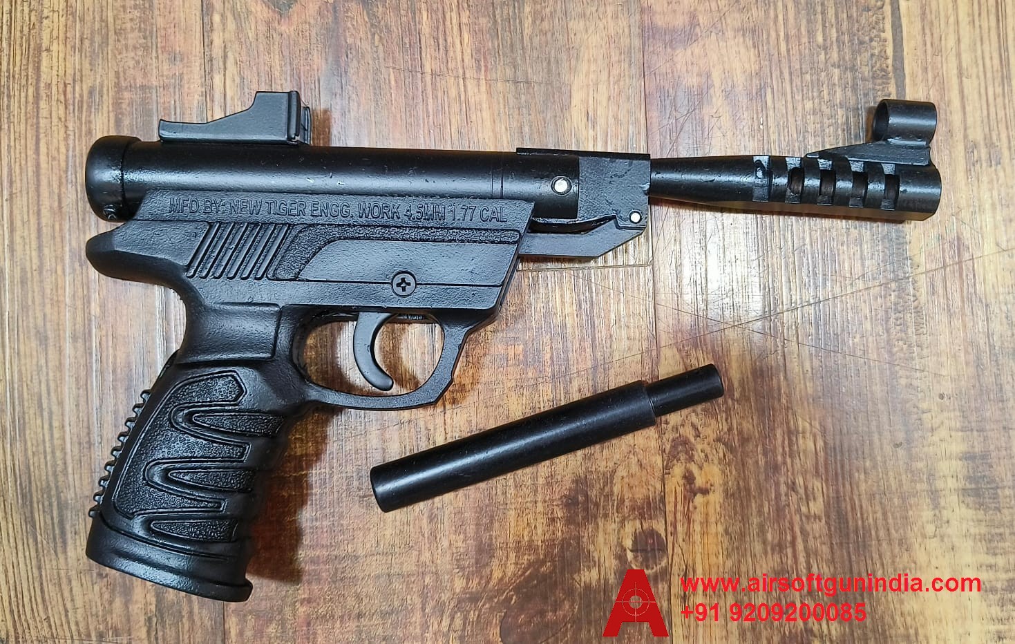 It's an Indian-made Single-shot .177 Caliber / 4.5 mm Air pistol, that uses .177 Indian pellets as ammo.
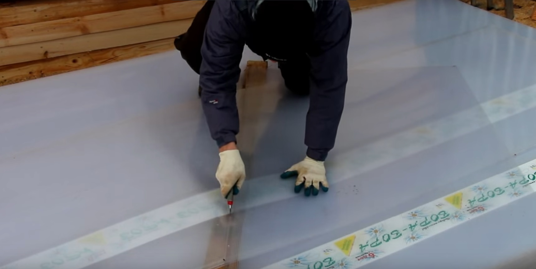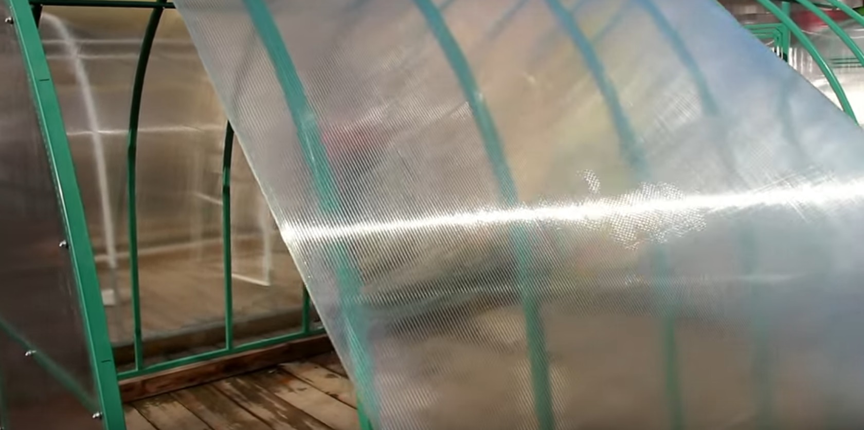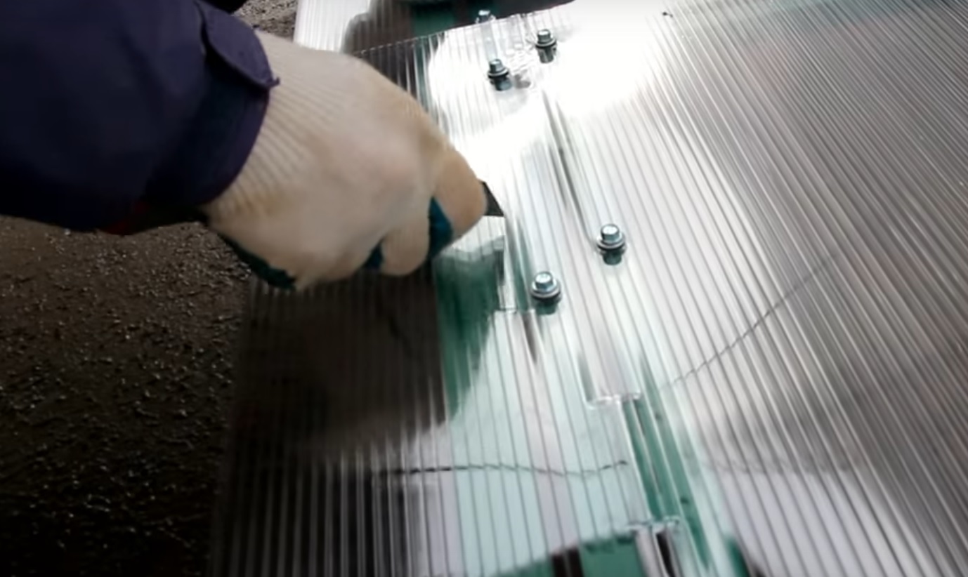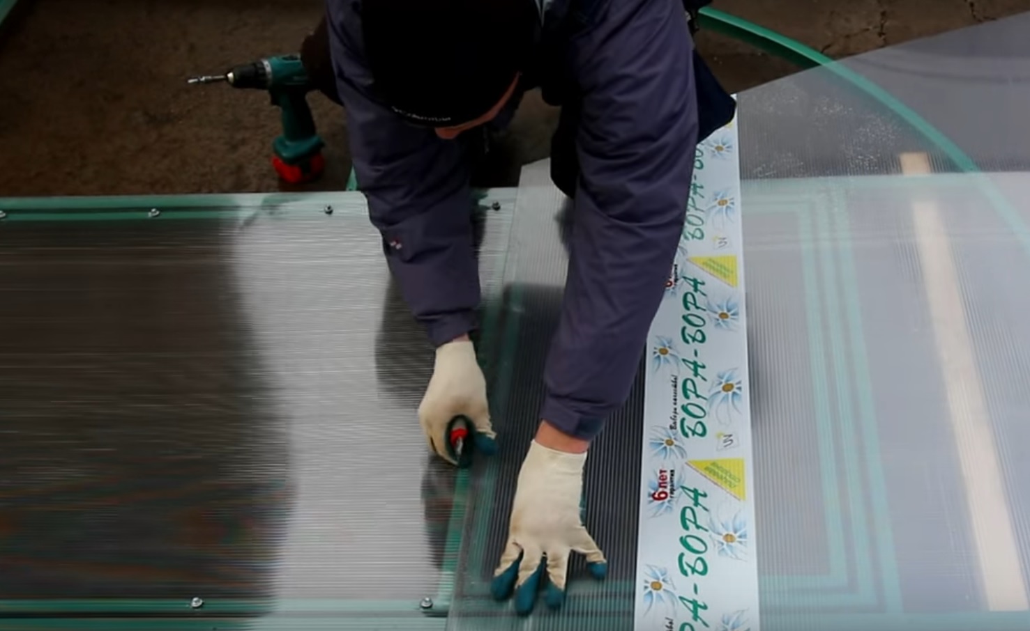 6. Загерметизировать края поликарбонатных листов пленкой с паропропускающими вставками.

- - - - -

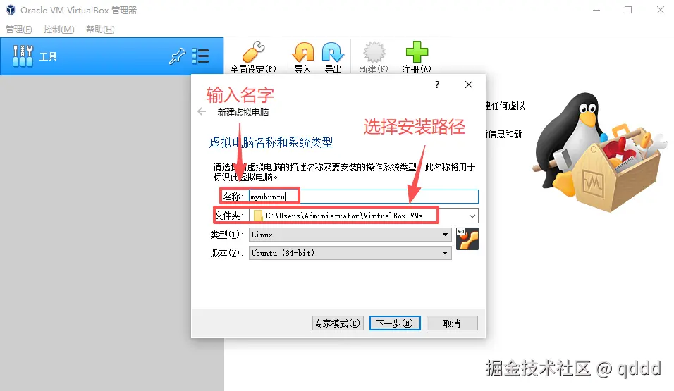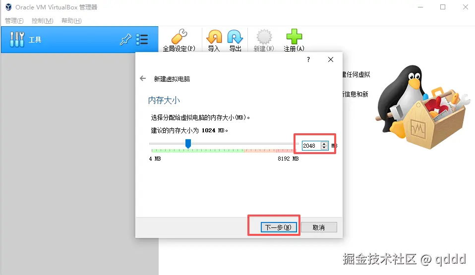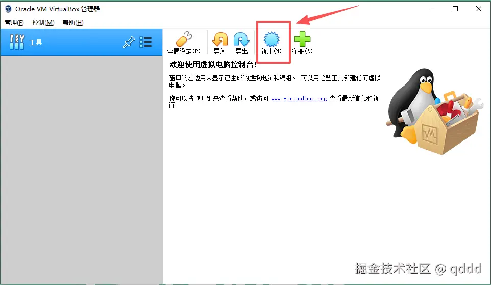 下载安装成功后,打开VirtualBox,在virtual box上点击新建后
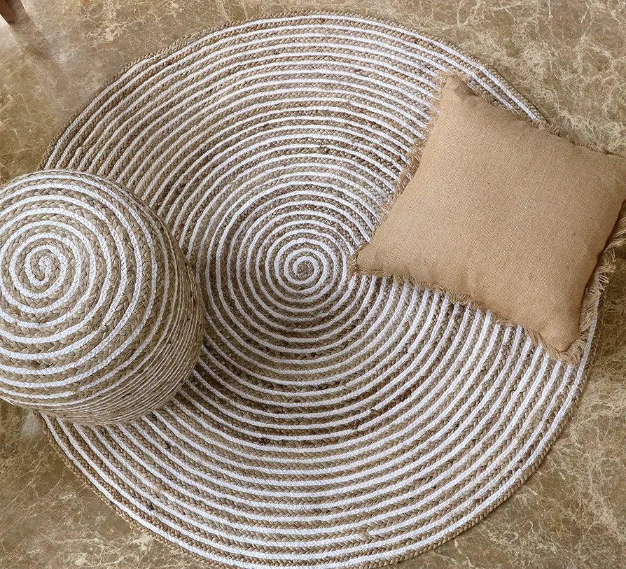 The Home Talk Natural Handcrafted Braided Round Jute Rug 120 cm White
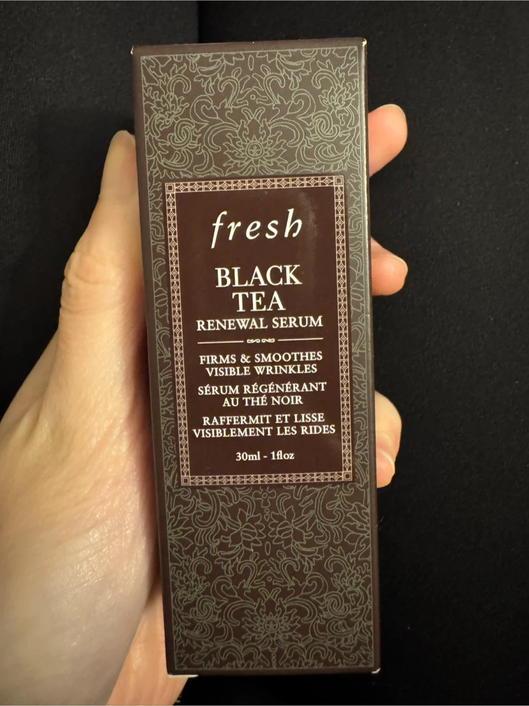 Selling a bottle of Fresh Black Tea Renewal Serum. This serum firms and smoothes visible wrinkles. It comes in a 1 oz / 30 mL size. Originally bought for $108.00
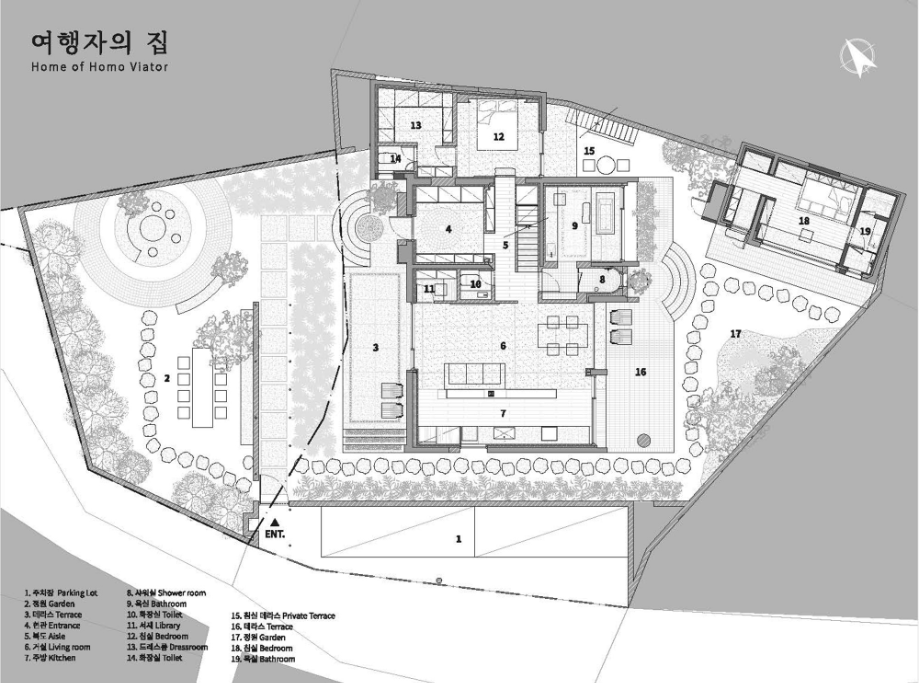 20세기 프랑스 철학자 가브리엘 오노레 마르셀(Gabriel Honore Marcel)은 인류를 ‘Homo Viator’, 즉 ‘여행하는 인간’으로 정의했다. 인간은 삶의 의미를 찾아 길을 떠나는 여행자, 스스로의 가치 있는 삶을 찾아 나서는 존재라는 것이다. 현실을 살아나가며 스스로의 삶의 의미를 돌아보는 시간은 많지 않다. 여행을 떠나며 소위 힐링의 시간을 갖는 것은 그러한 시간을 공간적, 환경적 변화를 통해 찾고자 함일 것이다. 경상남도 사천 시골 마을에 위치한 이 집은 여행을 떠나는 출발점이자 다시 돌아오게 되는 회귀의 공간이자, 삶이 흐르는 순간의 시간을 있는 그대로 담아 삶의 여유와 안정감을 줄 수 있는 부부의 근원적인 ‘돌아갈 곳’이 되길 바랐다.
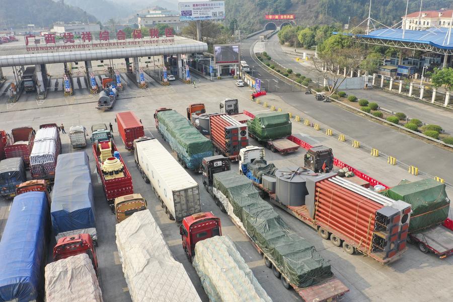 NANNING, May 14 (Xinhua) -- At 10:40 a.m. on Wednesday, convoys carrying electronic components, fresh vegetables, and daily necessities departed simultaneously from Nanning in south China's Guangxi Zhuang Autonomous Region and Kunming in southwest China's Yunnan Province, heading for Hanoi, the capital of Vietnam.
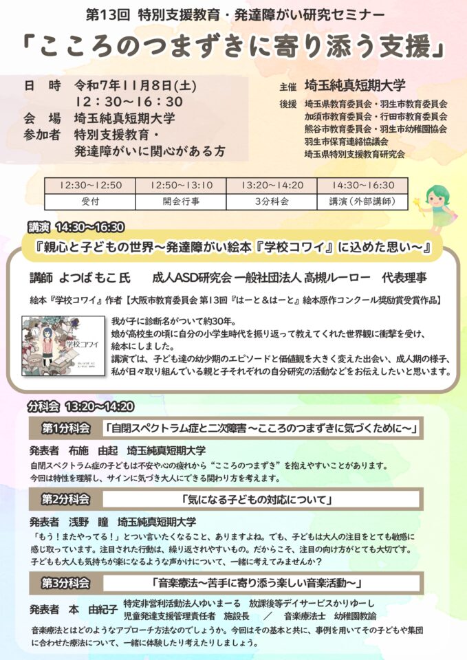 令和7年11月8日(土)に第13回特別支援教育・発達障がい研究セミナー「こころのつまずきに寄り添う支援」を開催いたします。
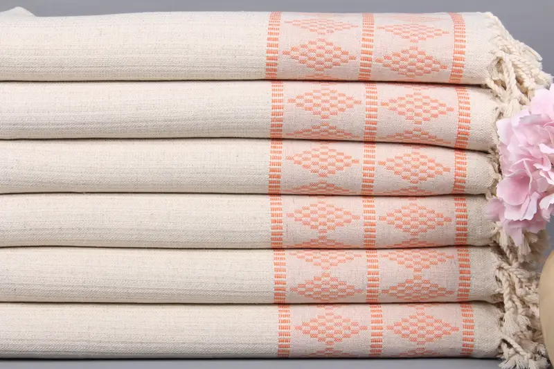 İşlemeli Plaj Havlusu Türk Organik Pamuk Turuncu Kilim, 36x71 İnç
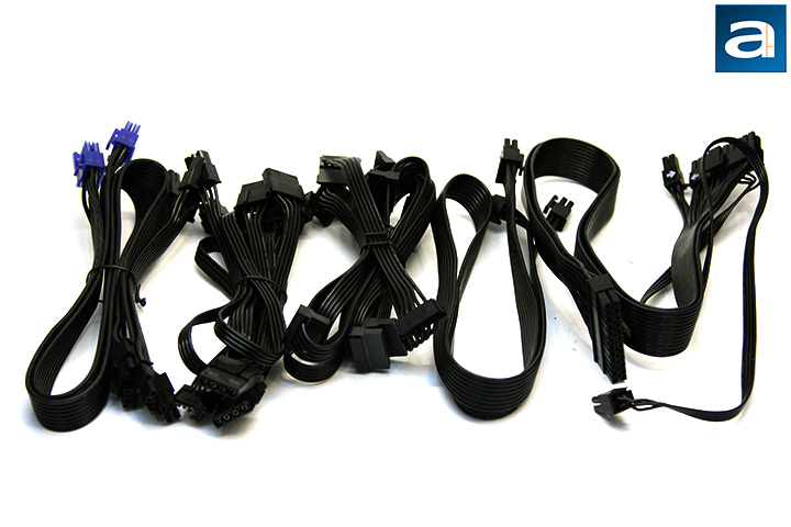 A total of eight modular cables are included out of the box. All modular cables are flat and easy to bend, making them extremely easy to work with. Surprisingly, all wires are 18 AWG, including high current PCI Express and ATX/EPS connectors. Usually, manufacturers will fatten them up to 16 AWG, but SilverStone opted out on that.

- - - - -

#### Exercise requirements:
Return exactly the part of the listing above that opens with the line containing "It's an Indian-made" and closes with the line containing "6. Загерметизировать края". Pictures stay out.

#### Your solution:
 It's an Indian-made Single-shot .177 Caliber / 4.5 mm Air pistol, that uses .177 Indian pellets as ammo.
 6. Загерметизировать края поликарбонатных листов пленкой с паропропускающими вставками.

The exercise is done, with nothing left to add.